In time I managed to sit up. Pain filled my body, from head to toe, but it was remote, as if diluted by distance or time. The throbbing in my head was a drumbeat beneath the water, warbled and muted.
I eventually was able to walk over to Salome. Her hands were burned, but the wounds were superficial, affecting only the outer dermis. I bent down and placed an ear over her chest and ascertained that her breathing was adequate, if shallow. Her pupils reacted to the dim light of the clearing. She had sustained no permanent bodily injury. I stood again and placed my foot upon her throat. I was tempted to do unto her as she had done unto me. A second passed. Two. I removed my weight and let her live.
I left her where she lay and waded into the frigid creek. As I wandered out of the haunted wood the ground beneath the dark waters groaned with despair. I imagined death was spreading to the roots of that ancient and unholy tree. The thought brought a bright smile to my face. I let the brown leaves wash over me like spring rain.
I walked as if in a narrow valley surrounded on either side by infinite mountain ranges. I walked between two worlds, one of great compassion but the other of unquenchable vengeance. I was now cognizant of their existence and my place between them. I saw both worlds out of the periphery of my vision, no longer blind or stumbling over the difficult terrain. I had become a Fire Walker.
In the distance ahead, I detected the presence of three Binders. They coalesced on the water’s surface, black and oily. They had sensed my contact with their sacred tree, no doubt, but did they know what I had become? They could not have. If they had, they would not have sought me out.

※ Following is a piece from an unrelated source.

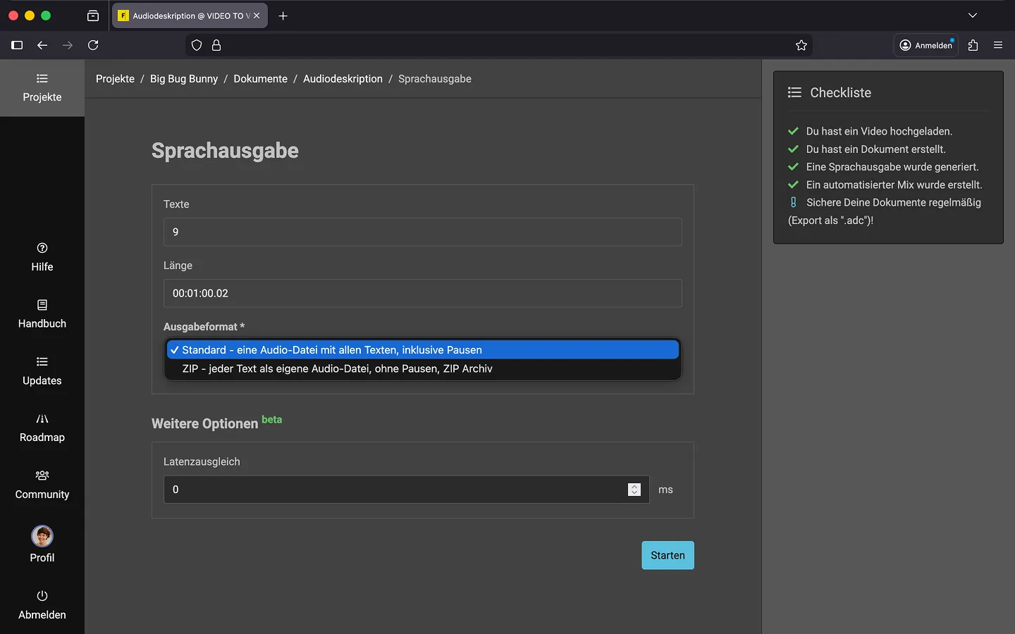 - Entscheide Dich für ein Ausgabeformat.

I felt each of their tracheal markings in my mind even before I rounded the bend to see them. Their eyes were sable tunnels, caliginous with hatred and separation. The three had not bothered to shift to anything other than gray-robed skeletons. Their contemptuous sneers were full of mockery and abundant confidence. They floated upon the gleaming waters of the creek and approached me as I emerged from beneath the bridge into the light of the Bay Beach grounds.
“Fire Walker!” the leader hissed. “Your friend will pay dearly for letting you go.”
The flames of the sun were the color of blood and all-consuming. I let the fire fill my soul while the creatures greedily approached their prey. I lifted my arms and pointed at the leader’s flanks. Crimson flames shot through the two Binders, penetrating their markings with ruthless precision. The two creatures vaporized with no ash or char to indicate they had ever existed. Their leader stood motionless, gripping the rotting flesh over its own untouched throat.
“Let the infinite come,” I said, quoting a New England poet whom the Binder could no longer sense from the closed doors of my mind. I could feel its efforts to reach the spoke which connected me to the wheel of life, but I had somehow blocked the creature’s way.
“Let evil cower before me,” I continued. “Let the wind rain dead leaves upon me. How could I look at you and tremble, and grip my hands over my heart? What should I fear?”
I was no longer stumbling in the dark and had ceased to be Paul Prophet. I would never again run from these rotting and miserable creatures.
I looked deep into the creature’s scowling face and graced it with the same sneer favored by that miserable species. The wind blew its gray cloak so that it fluttered like a broken sail. The sun ascended over the jagged claws of barren trees behind me. I released the tongues of fire before the demon could reply. The holocaust struck its mark, and the Binder of Souls was no more.
I continued walking homeward along the waterfront, my right eye socket empty and my neck lacerated. I watched the Canadian geese fly in formation over the water. I walked alone.